I have my doubts about Jesus, now that we know he barebacks.
I let Jesus "take the wheel" then he pushed me out of the car and took off!
"Turning it all over to Jesus" is basically the equivalent of closing your eyes hoping someone will fix your problems and then opening them to find the problems still there.
I shaved it. Buffed it. I spread it. I turned it all over to Jesus. That Luz just walked away from it.
This is why it takes my 45 minutes to get to work. Jesus is so busy running people's fucked up lives, he can't keep everyone focused on what fucking traffic lane to be in, thus screwing my day up.
OP--Jesus is available to all of us.
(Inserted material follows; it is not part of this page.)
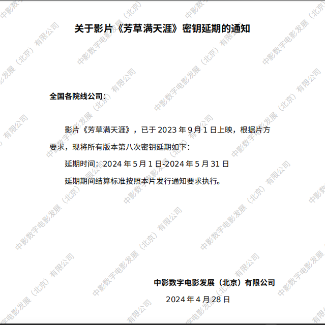 关于影片《芳草满天涯》第四次密钥延期的通知
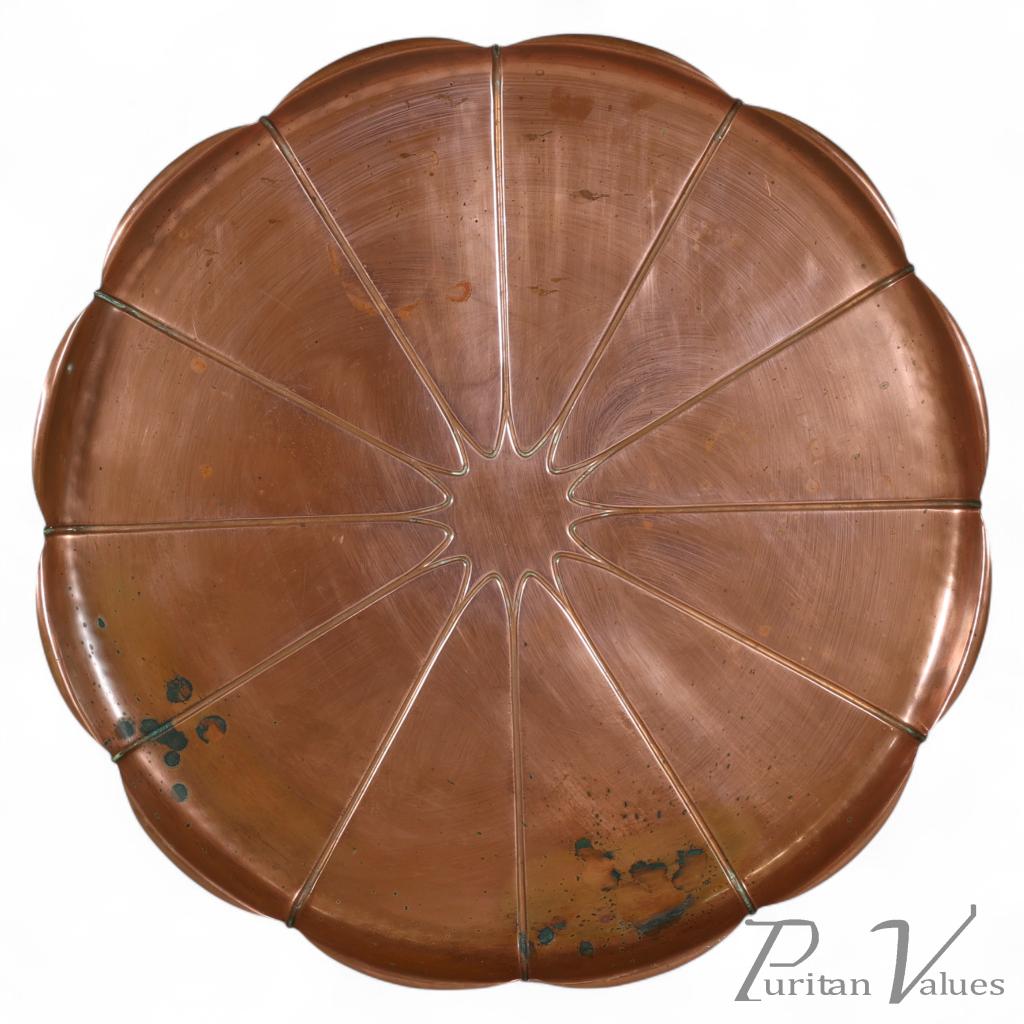 A large copper lily pad tray, Arts and Crafts movement, by W. A. S. Benson. Circular form with pressed radial veins and petal-shaped scalloped edge.

If you find that difficult to accept, you just need to drink a lot more, get hooked on a dangerous, preferably hallucinogenic, drug, or huff household cleaners (Drano is rather good for this). Sooner or later, your brain cell count has got to reach Christian levels, or you die, in which case you don't care any more.
Yes, people can be religious. Athiests can be so annoying.
"Jesus, take the wheel
'cause I'm too drunk to drive..."
Yes, you can. Don't lift a finger for yourself and just sit back and enjoy the ride down to skid row.
Yes, you say "God will provide" and some sap will help you and they'll say "See, I told you all I had to do was turn it all over to Jesus."